Material to process below:

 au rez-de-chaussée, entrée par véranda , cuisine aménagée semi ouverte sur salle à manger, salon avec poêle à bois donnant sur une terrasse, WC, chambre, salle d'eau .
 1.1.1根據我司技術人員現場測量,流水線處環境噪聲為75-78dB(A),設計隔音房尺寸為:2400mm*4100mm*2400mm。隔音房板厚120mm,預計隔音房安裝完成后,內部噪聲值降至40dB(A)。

End of Material to process.
Material to process below:

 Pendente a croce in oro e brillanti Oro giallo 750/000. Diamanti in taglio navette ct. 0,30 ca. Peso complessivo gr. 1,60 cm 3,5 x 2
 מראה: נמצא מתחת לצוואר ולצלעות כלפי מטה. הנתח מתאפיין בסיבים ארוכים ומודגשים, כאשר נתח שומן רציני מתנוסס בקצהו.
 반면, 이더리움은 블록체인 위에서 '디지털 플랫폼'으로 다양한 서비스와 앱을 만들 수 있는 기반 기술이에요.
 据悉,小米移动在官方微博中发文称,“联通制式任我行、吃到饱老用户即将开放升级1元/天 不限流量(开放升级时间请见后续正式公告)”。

End of Material to process.

Task item – Scan the entries above for the line containing "Pendente a croce", and copy it and all lines after it exactly, down to and including the line containing "מראה: נמצא מתחת".

Expected answer –
 Pendente a croce in oro e brillanti Oro giallo 750/000. Diamanti in taglio navette ct. 0,30 ca. Peso complessivo gr. 1,60 cm 3,5 x 2
 מראה: נמצא מתחת לצוואר ולצלעות כלפי מטה. הנתח מתאפיין בסיבים ארוכים ומודגשים, כאשר נתח שומן רציני מתנוסס בקצהו.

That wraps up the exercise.